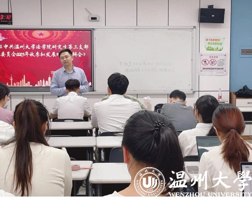 为规范学生党员发展工作,确保党员发展质量,加强学生党支部队伍的建设,提高整体党员素质和服务意识,10月22日晚,av天堂 研究生第三党支部在208教室开展了拟发展对象答辩会。白昌科老师、党支部全体党员(请假1人,线上参会3人)以及7位拟发展对象参加了此次大会。答辩会后,av天堂 研究生第三党支部开展了“学讲话、悟精神、促发展、惠民生”主题党日活动,重点学习宣传了习近平总书记考察浙江时的重要讲话。
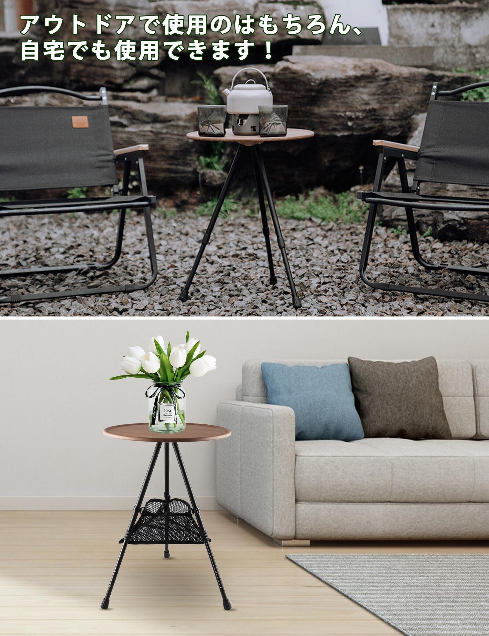 キャンプ テーブル 折り畳み アウトドア テーブル コンパクト ミニテーブル 折りたたみ ベランダ/ガーデン/屋内/屋外 サイドテーブル 高さ調整 釣り/登山/ソロキャンプ/バーベキュー/焚き火テーブル 収納バッグ付き 持ち運び (木目)
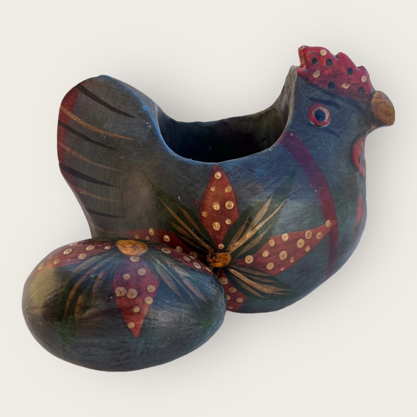 Ældre bemalet træhøne med et æg, Grøn med rød, gul mønster, 11cm bred, 9cm høj *Pæn stand*
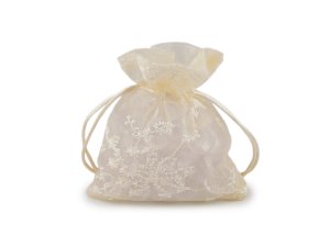 Dárkový pytlík z organzy zdobí strojová květinová výšivka.
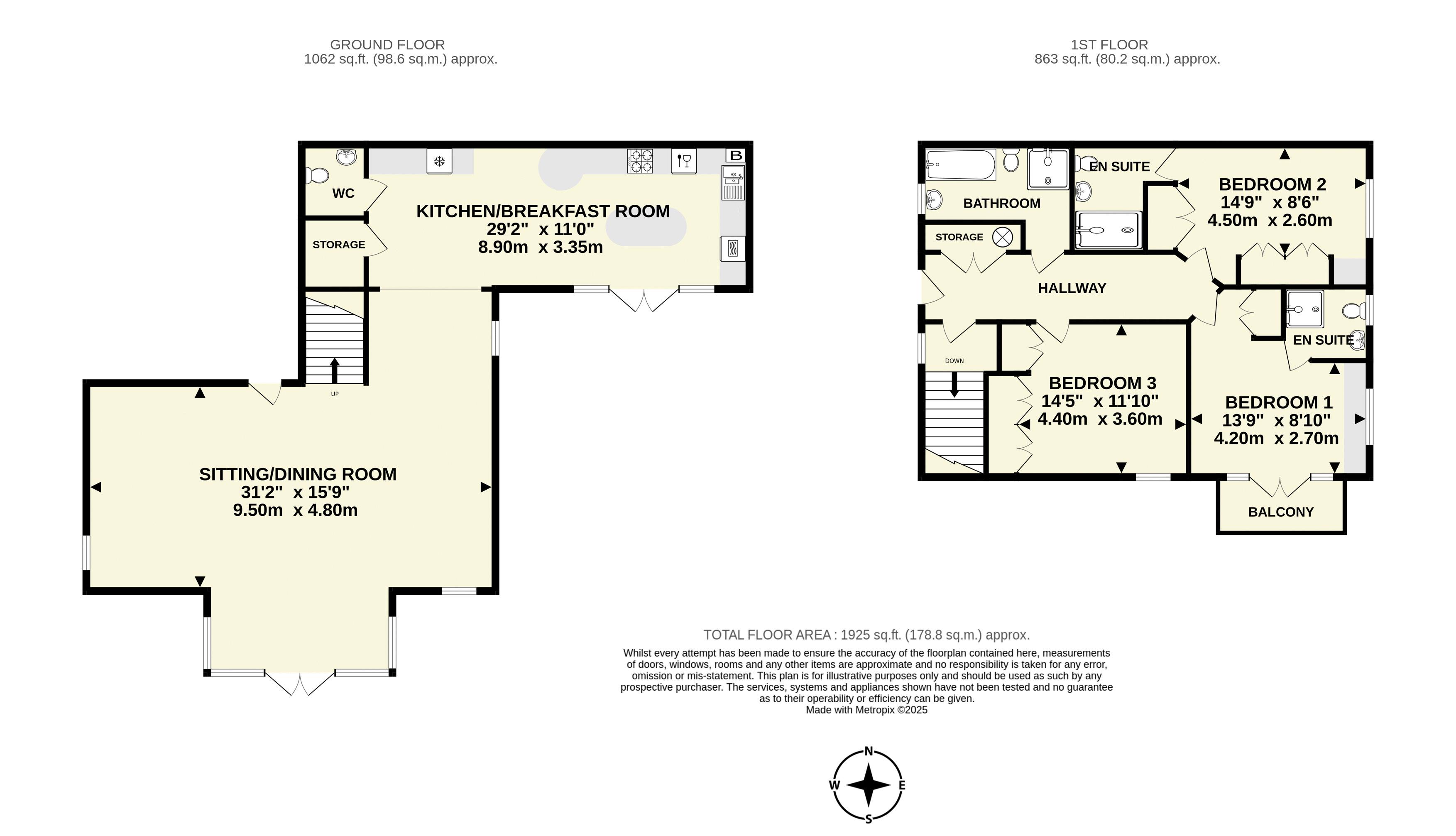 Glazed doors open onto a second private patio, again with fabulous views. There is a useful storage cupboard beneath the stairs and a cloakroom/WC.
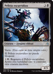 | Rules | Devoid (This card has no color.) Skitterskin can't block. : Regenerate Skitterskin. Activate only if you control another colorless creature. |
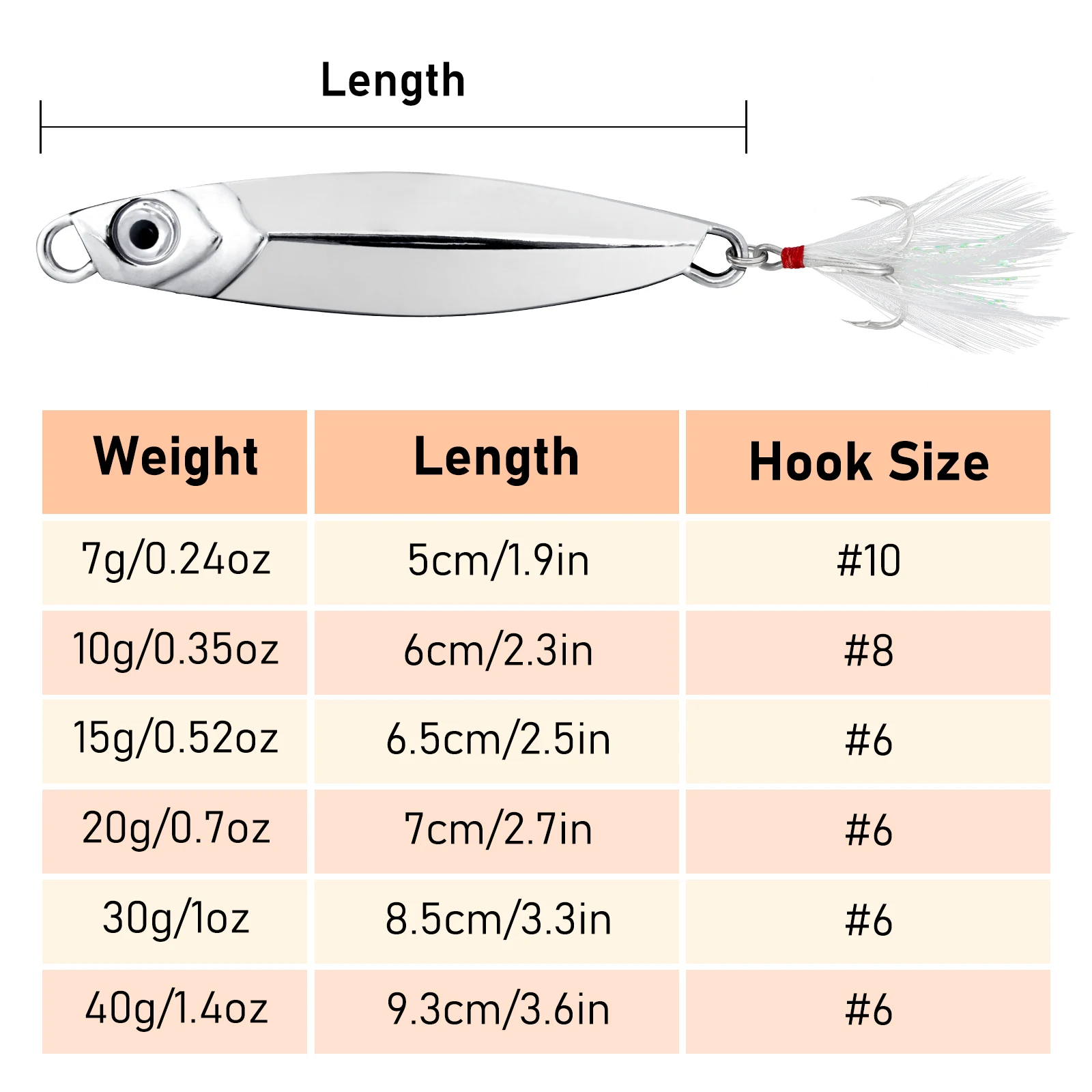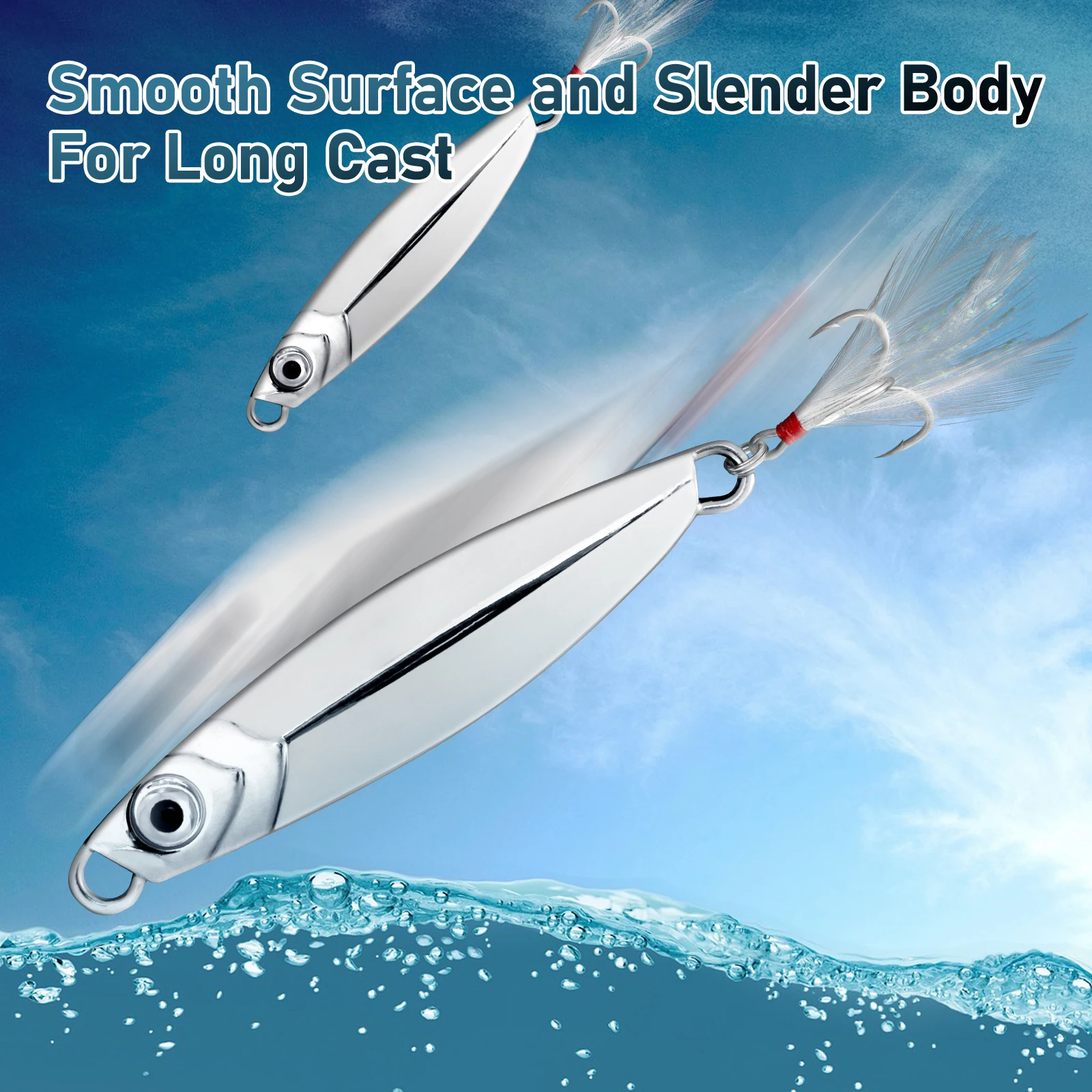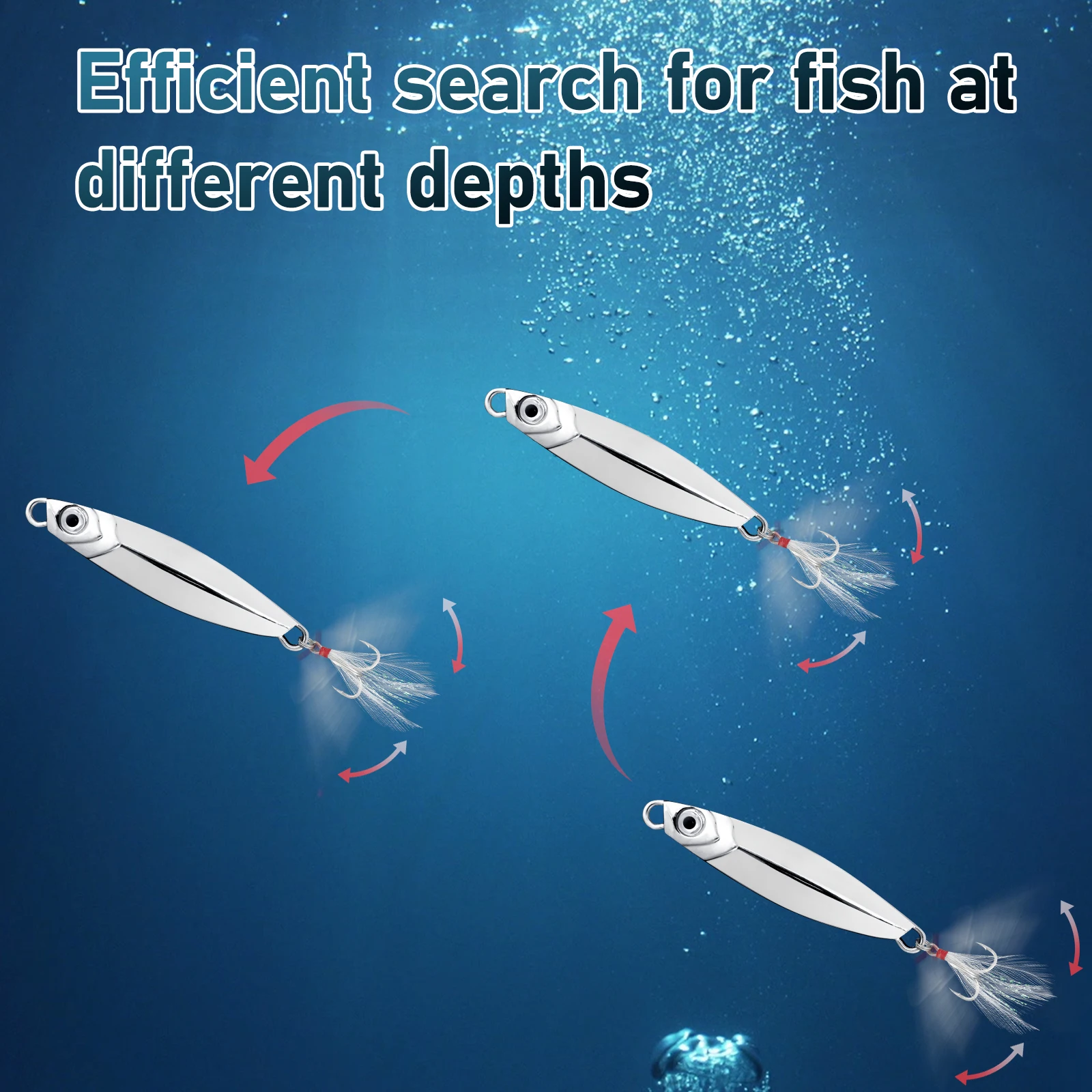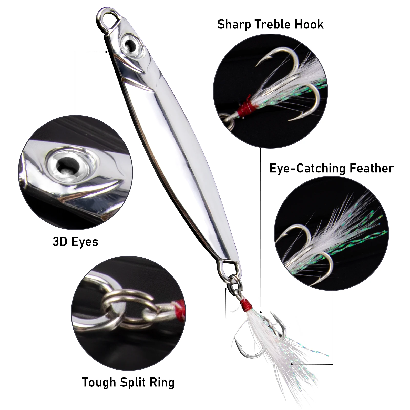 Resistente a la corrosión: el recubrimiento de aleación de zinc en el señuelo lo hace resistente a la corrosión y garantiza que se mantenga en buenas condiciones incluso después de un uso repetido en ambientes de agua salada.

--

▸ REQUIREMENT
With the pictures removed, the entries above should be transcribed exactly.

▸ ANSWER SECTION
 为规范学生党员发展工作,确保党员发展质量,加强学生党支部队伍的建设,提高整体党员素质和服务意识,10月22日晚,av天堂 研究生第三党支部在208教室开展了拟发展对象答辩会。白昌科老师、党支部全体党员(请假1人,线上参会3人)以及7位拟发展对象参加了此次大会。答辩会后,av天堂 研究生第三党支部开展了“学讲话、悟精神、促发展、惠民生”主题党日活动,重点学习宣传了习近平总书记考察浙江时的重要讲话。
 キャンプ テーブル 折り畳み アウトドア テーブル コンパクト ミニテーブル 折りたたみ ベランダ/ガーデン/屋内/屋外 サイドテーブル 高さ調整 釣り/登山/ソロキャンプ/バーベキュー/焚き火テーブル 収納バッグ付き 持ち運び (木目)
 Ældre bemalet træhøne med et æg, Grøn med rød, gul mønster, 11cm bred, 9cm høj *Pæn stand*
 Dárkový pytlík z organzy zdobí strojová květinová výšivka.
 Glazed doors open onto a second private patio, again with fabulous views. There is a useful storage cupboard beneath the stairs and a cloakroom/WC.
 | Rules | Devoid (This card has no color.) Skitterskin can't block. : Regenerate Skitterskin. Activate only if you control another colorless creature. |
 Resistente a la corrosión: el recubrimiento de aleación de zinc en el señuelo lo hace resistente a la corrosión y garantiza que se mantenga en buenas condiciones incluso después de un uso repetido en ambientes de agua salada.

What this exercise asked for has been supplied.